Root cause 1: NAT Gateway idle-connection timeout (350 s)

AWS NAT Gateways, Interface VPC Endpoints, and NLBs all silently drop TCP connections idle for ≥ 350 seconds (AWS VPC troubleshooting docs). The remote end (Bedrock) is never notified; it still thinks the connection is alive. Your boto3 client then tries to reuse that dead connection.

Root cause 2: boto3 silent retry absorbs the dead-connection hang

When boto3 sends on a dead socket, the first attempt hangs until the read_timeout fires (default: 60 s), then an automatic retry succeeds in a few seconds. This is precisely why you see ~63–64 s = ~60 s timeout + ~3–4 s real model latency.

Why intermittent and not a strict threshold?

• The connection pool may hold multiple sockets of varying ages; sometimes a live one is picked first.
• If a request completes mid-idle (e.g., your 2 h run was actually faster than 350 s of internal inactivity), the clock resets.
• Cross-region inference routing to a different destination region can arrive over a fresh TCP path, bypassing the stale local socket entirely.

This exact pattern has been reported against ChatBedrockConverse in langchain-aws#502 and langchain-aws#819.

Q2: Recommended mitigations (layered, most impactful first)

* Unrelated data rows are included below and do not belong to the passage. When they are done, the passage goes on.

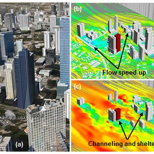 وبصفة عامة توجد شكل معادلة يستخدم لحساب سرعة الهواء عند إي ارتفاع بأي من المواقع الثلاثة المختلفة سابقا وهي V=Vm(h/hm)rp m/s حيث: V: متوسط سرعة الهواء عند أي ارتفاع Vm: متوسط سرعة الهواء المعلوم عند الارتفاع Hm Hm: الارتفاع المعلوم. Rp: معامل خشونة السطح والذي يساوي : 0.15 في المناطق المفتوحة. 0.29 في ضواحي المدن الصغيرة . 0.45 في منطقة وسط المدينة . وايضا بعض المعماريين يفضلون استخدام وردة الرياح لانتاج صورة شاملة وسريعة القراءة لاستخراج ملخصات سريعة عن الرياح في اي منطقة
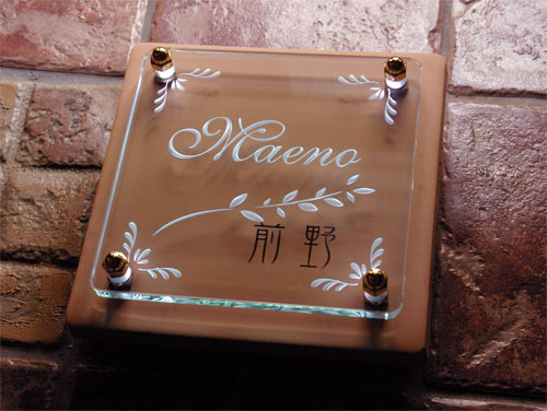 クリスタルガラス表札 LED仕様 2005/6/17 金曜日2012/8/22 水曜日 by miyasu クリスタルガラス表札【LED仕様】 デザインはシンプルにレイアウト・・・ 漢字はテラコッタに彫刻しています。LED点灯 ・・ 暗闇ではガラスに彫刻した文字だけが浮かび上がります。 お問い合せ用URL : このページで紹介した作品についてのお問い合わせは、上記URLをコピーして 『お問い合せ』のぺージの記入欄に上記「お問い合せ用URL」を貼り付けてご連絡ください。 ご質問、見積依頼、ご注文についても『お問い合せ』のページからヒロノクラフト公式LINE及びメールでお願いします。 ※ご利用いただく端末によっては、コメント送信後にエラー表示されるなどのうまく反映されない場合がございます。 その場合はLINEにて、ご連絡ください。
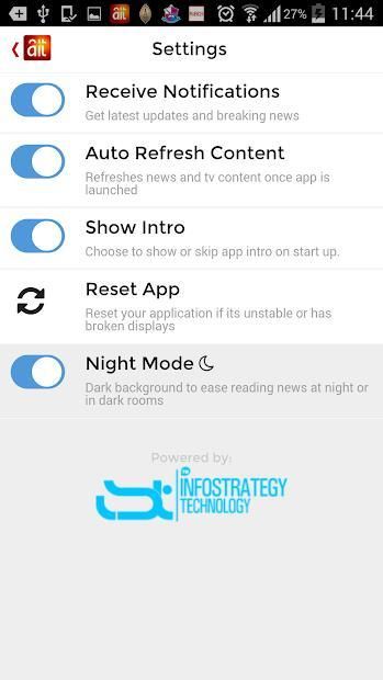 The app provides a comprehensive list of AIT programs and broadcast schedule. The TV Program section enables users to add programs to their device calendar; Now you can always catch your favorite shows as you will get a reminder before your show starts.
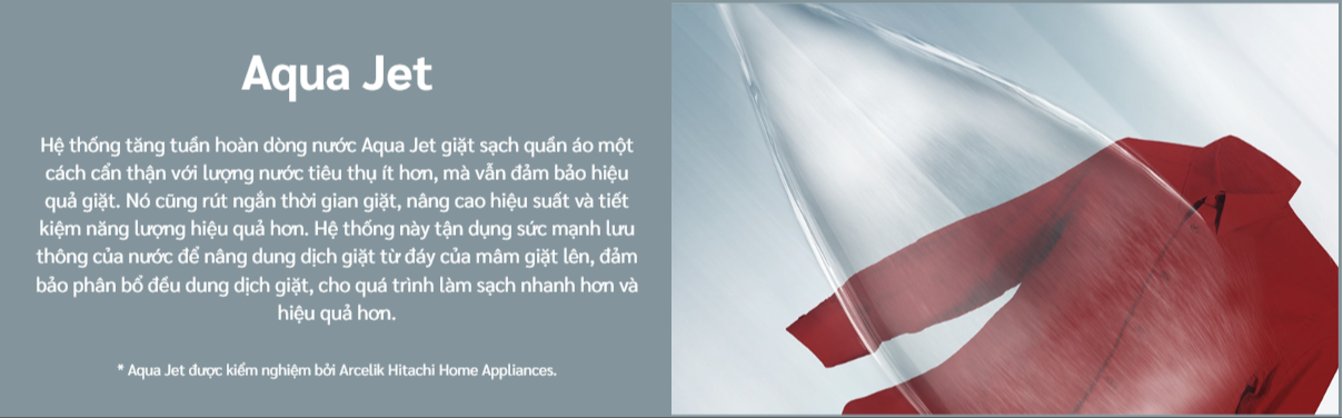 🔷 Tính năng: Các tia nước áp lực cao (Aqua Jet) được phun trực tiếp vào quần áo trong quá trình giặt.

1. Enable TCP keepalive on the boto3 client (highest impact)

This sends OS-level keepalive probes before 350 s, preventing NAT from dropping the connection. Supported natively since botocore merged PR #3140:

from botocore.config import Config
import boto3

bedrock_client = boto3.client(
    "bedrock-runtime",
    region_name="us-east-1",
    config=Config(
        tcp_keepalive=True,       # prevents NAT idle-timeout drops
        read_timeout=300,         # must exceed your longest expected TTFT
        connect_timeout=10,
        retries={"max_attempts": 2, "mode": "standard"},
    ),
)

You also need the OS-level keepalive interval < 350 s on the host/pod. On Linux:

# keepalive probes start after 60 s idle, every 10 s, 6 probes before giving up
sysctl -w net.ipv4.tcp_keepalive_time=60
sysctl -w net.ipv4.tcp_keepalive_intvl=10
sysctl -w net.ipv4.tcp_keepalive_probes=6

For EKS, this can be set at the node group level or via a DaemonSet that applies sysctl.

2. Use streaming (astream / converseStream) instead of blocking invoke

Streaming connections exchange bytes continuously, so they never reach the 350 s idle window. This is the most resilient fix architecturally and also reduces TTFT by delivering first tokens as soon as they are generated:

async for chunk in llm.astream(messages):
    process(chunk)

3. Upgrade langchain-aws to ≥ 1.2.3

A separate but related bug where streaming response bodies were not properly closed caused connections to accumulate in a bad state in the pool. Fixed in langchain-aws#858, released in 1.2.3.

4. Use performanceConfig: latency=optimized

Available on Claude Sonnet models via the Converse API. Reduces baseline TTFT but does not fix the stale-connection issue directly:

ChatBedrockConverse(
    model_id="us.anthropic.claude-sonnet-4-6",
    additional_model_request_fields={},
    # pass through via client call kwargs
)
# or via boto3 directly:
bedrock_client.converse(
    ...,
    performanceConfig={"latency": "optimized"},
)

5. Monitor with CloudWatch

Use the IdleTimeoutCount VPC metric to confirm NAT idle drops are the trigger, and bedrock:InvokeModel RetryAttempts field in ResponseMetadata to confirm boto3 retries are the amplifier.

Summary table

The ~63–64 s spikes at hour-scale idleness are not a Bedrock or cross-region inference cold-start issue - they are a TCP connection management problem that the above mitigations eliminate entirely.